Fiche Personne
Danse

Abou Lagraa

Chorégraphe
Algérie

Français

« Bien que je sois d’origine algérienne, de nationalité française et ayant des racines égyptiennes, je n’ai aucune pression vis-à-vis de ce thème, car je ne cherche pas à faire de « l’arabiade ». »
Abou Lagraa

Impulsif, impétueux, Abou Lagraa fonce tête baissée pour que sa danse ait droit de cité. Même si ses hanches se balancent dans un mouvement délicat, il a la tête sur les épaules et aime travailler plus que tout.

En mars dernier, invité à chorégraphier pour le Ballet de l’Opéra de Paris, Abou Lagraa remarquait : »dans cette maison, on a le droit de faire de la danse sans se justifier. Le fait que les gens s’y expriment avec leur corps paraît une évidence. Ce n’est pas si courant ! » Il en sait quelque chose, lui qui a dû expliquer à plusieurs reprises, aux politiques, aux responsables des collectivités locales, aux programmateurs et aux médias que son projet artistique ne pouvait se plier à des injonctions extérieures. Il a dû s’imposer, quitte à paraître désagréable, quitte à passer pour un petit prétentieux, ce qu’il n’est pas car il sait parfaitement d’où il vient et où il va.

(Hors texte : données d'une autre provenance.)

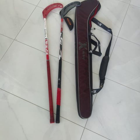 Myytävänä kaksi vanhaa kohtalaisessa kunnossa olevaa salibandymailaa. Oikealla Unihoc Flex 32 varten pituus 75cm ja vasemmalla Canadien Flex 34 varten pituus 72cm. Molemmat taipuisia lasten mailoja, sopivat n.130-145cm pelaajalle. 3€/maila

Né de parents algériens à Annonay (Ardèche) en 1970,Abou Lagraa est happé très vite par la danse. Elle l’attrape dès les fêtes familiales de son enfance par le bassin et ne le quittera plus. Il ne devient pas pour autant une danseuse du ventre. Il a un parcours classique : une initiation à 16 ans en classique, le conservatoire de région puis le conservatoire national de Lyon. Il en sort plein d’énergie, un peu chien fou, doué, très doué. Il se calmera, danseur parmi les danseurs puis assistant, en Allemagne, de Rui Horta avant de fonder sa compagnie La Baraka en 1997. Mais il irrite. Il n’est jamais complètement dans le ton comme le révèle sa façon de se vêtir. Tantôt, il se présente en pull strassé tirant sur le rose, tantôt il se glisse dans un costume bon chic bon genre pour que l’on n’en voie que la cravate tapageuse. Finalement, ce qui lui va le mieux, c’est une étole comme il en porte dans son solo au coeur de sa pièce Où Transe. Il n’a pas appris non plus la langue de bois ou celle de la flatterie. Il parle franchement,peu soucieux qu’en fin de discussion il ne revienne pas avec la promesse de subvention qu’il avait demandée. Il n’est pas commode et certains lui en veulent. Il n’a pas non plus le profil type : si on le dit classique (son langage de base), il répond qu’il est contemporain. Ce qu’il n’est pas tout à fait non plus.Son nom à consonance arabe lui a valu les pires confusions. Il était supposé venir d’une cité en flammes et pratiquer donc la danse de son milieu : le hip hop. Il ne s’offusqua pas de ces confusions puisqu’il signa deux chorégraphies pour des danseurs hip hop. Sérieux bosseur, acharné même, Abou Lagraa explore plusieurs registres, plusieurs styles de danse pour mieux peaufiner sa propre pensée qu’il devrait exprimer ouvertement en janvier 2007 à Annecy dans Matri(k)is, une création pour dix danseurs sur le thème du masculin-féminin. Sensible plus qu’il n’y paraît, au bord de la crise de nerfs, le chorégraphe vient d’installer sa compagnie à Lyon, capitale de la région Rhône- Alpes. À trente six ans, Abou Lagraa a déjà utilisé beaucoup de son capital énergie. Mais c’est justement cela qui le fait entrer chaque matin dans le studio, avec les danseurs de sa compagnie, avec des classiques, avec des hiphopers et bien d’autres qui viendront encore. Sa fierté ? Que sa mère Aïcha et son père Taïeb passent la porte des théâtres et soient là pour ses premières.